In this paper, we have reviewed past and current methods to sequence through many types of difficult templates. Although a number of solutions were suggested over the last few years, they all seem to be quite specific to a particular type of difficult template. The possible exception is the heat-denaturation modification, which appears to be more broadly applicable for several different difficult templates and in combination with several additives gives the best chance to obtain good-quality data. Data presented in Table 22 show that for 32% of difficult templates, adding just a heat-denaturation step was the only possible way to obtain any sequencing data. For 22% of templates, the improvement was on the order of 5–10% in read length.

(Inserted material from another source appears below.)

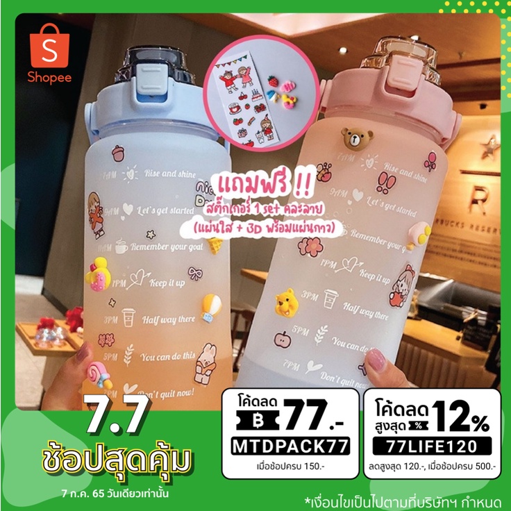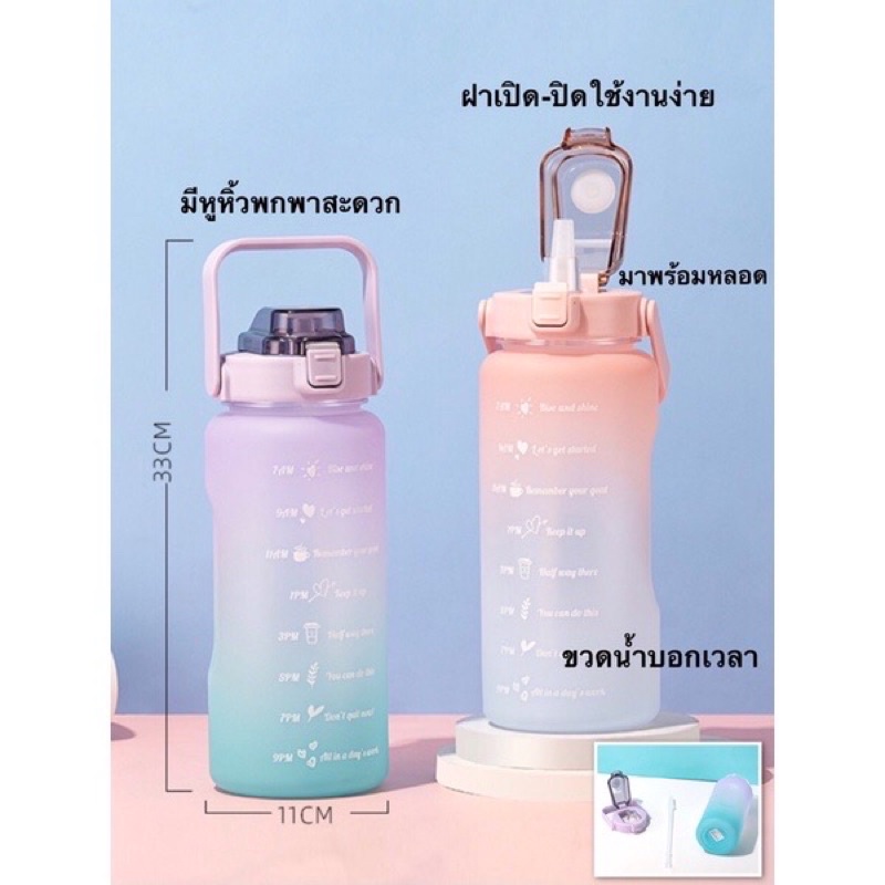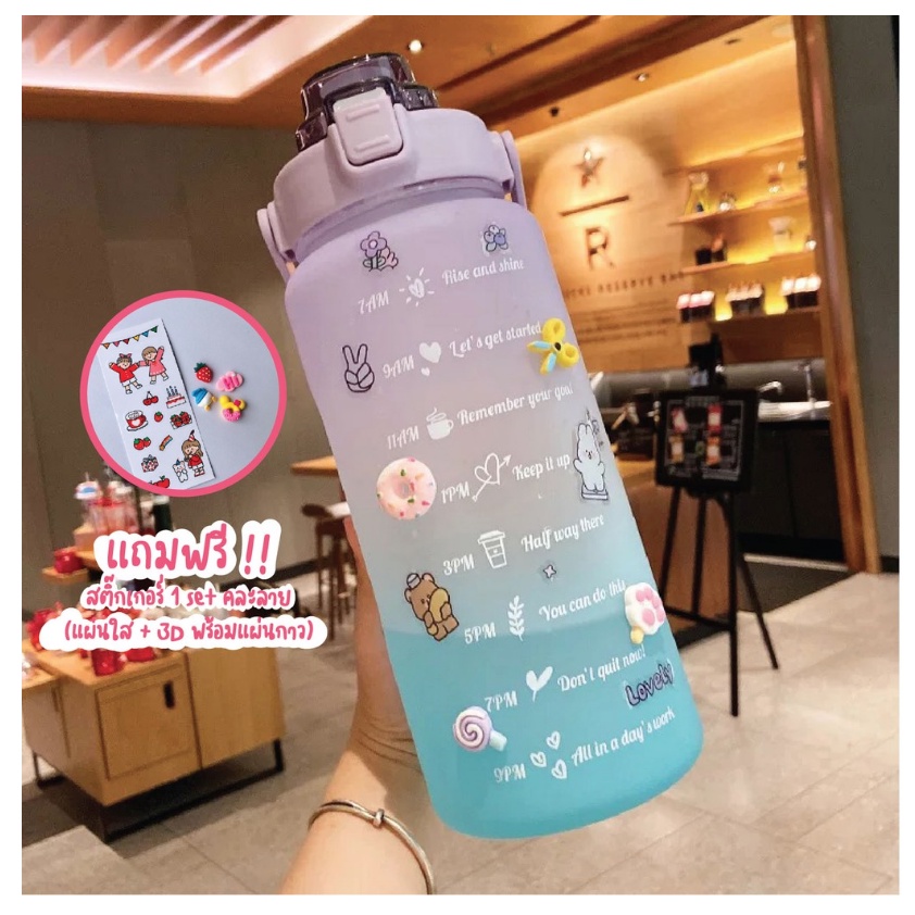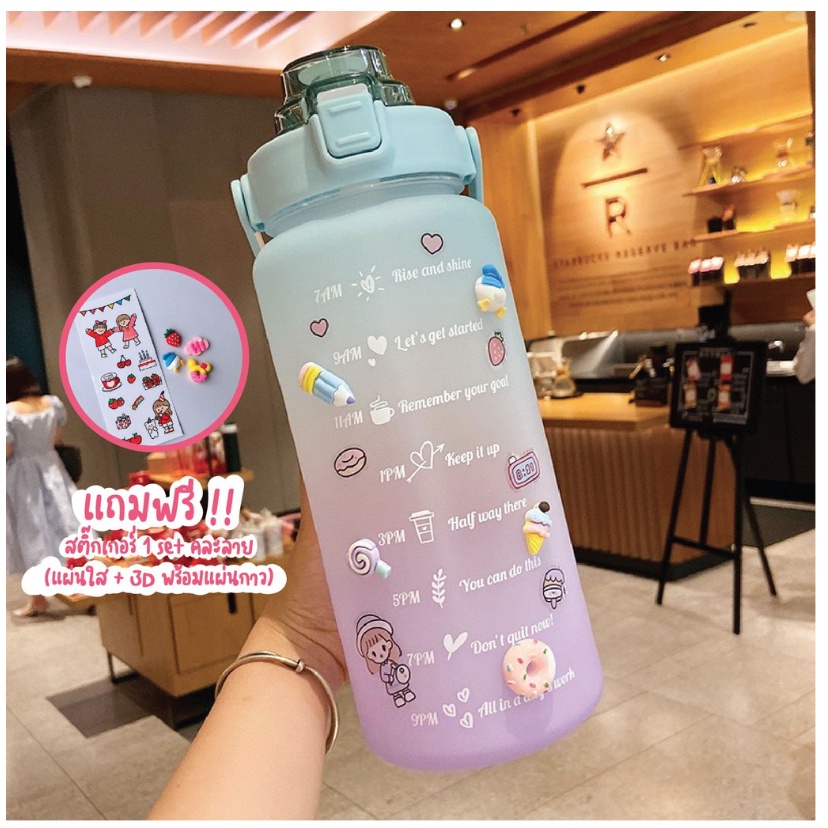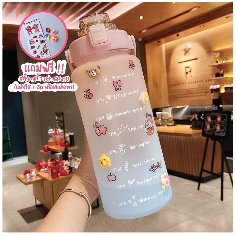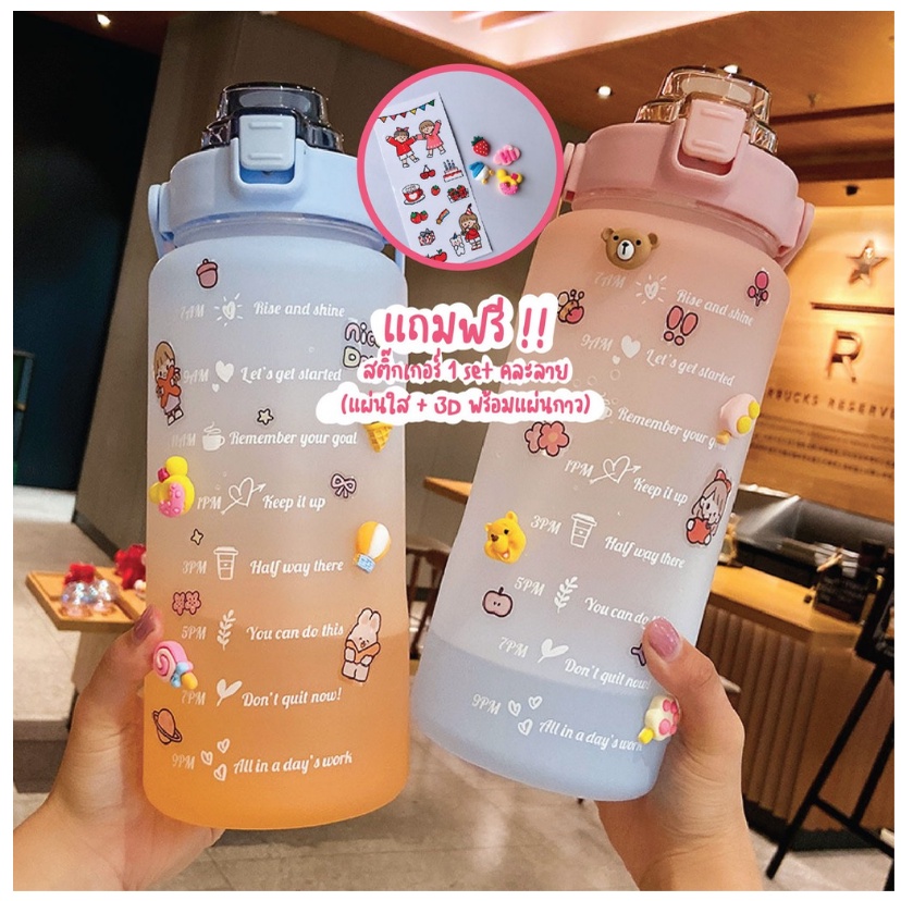 [8.8โค้ดส่งฟรีหน้าร้าน]🌟พร้อมส่ง🌟ขวดน้ำพลาสติกแบบพกพา ขวดน้ำสไตล์สปอร์ต🔥แถมฟรีสติ๊กเกอร์🔥2 ลิตร ของแท้พลาสติกหนามาก แข็ง

Increase of 10–50% in read length was evident for another 14% of templates, and for the remaining 32% the increase in read length was on the order of 50–175%. It is apparent that more experiments need to be carried out to develop more general rules, and it is entirely possible that, in the interest of time, any given very difficult template may need to be sequenced using a few different chemistries in parallel. One of the potential venues to speed the development of general rules for sequencing of difficult templates is to organize a bank of well-characterized DNAs and involve the broad community in applying a range of technologies. The model of such community effort is well established—e.g., the DNA Sequencing Research Group (DSRG) conducted a study on the effect of DMSO on sequencing of some GC-rich templates.5,6 In collaboration with bioinformaticians, who now have extensive computational tools, it should be possible to look for a more detailed correlation between sequence patterns, especially right before and after difficult regions, and the success of a given chemistry. It is also conceivable that one of the big sequencing centers, NIH or some other entity, will establish a special unit that will investigate in greater detail the sequencing of all types of difficult templates, and the art will become science.
As we approach an era of $1000-a-genome sequencing, one still-unanswered question is how these new technologies will deal with more complex regions. It is possible that difficult regions will not present any challenges, as most of these methods rely on assembly of very short overlapping fragments. Hopefully, researchers who are directly involved in the development of new technologies will be able to answer such questions relatively soon.
I wish to thank Dr. Laird Bloom of Wyeth Research for critical review of this manuscript and many valuable suggestions. The support and encouragement by the management of the Biological Technologies department of Wyeth Research is also greatly appreciated. I would like to thank Jones and Bartlett Publishers, Sudbury MA, for permission to reprint table 1-1 from (J. Kieleczawa, ed) DNA Sequencing: Optimizing the Process and Analysis, 2005, and tables 1-1 and 1-4 from ( J. Kieleczawa, ed) DNA Sequencing: Optimizing the Preparation and Cleanup, 2006.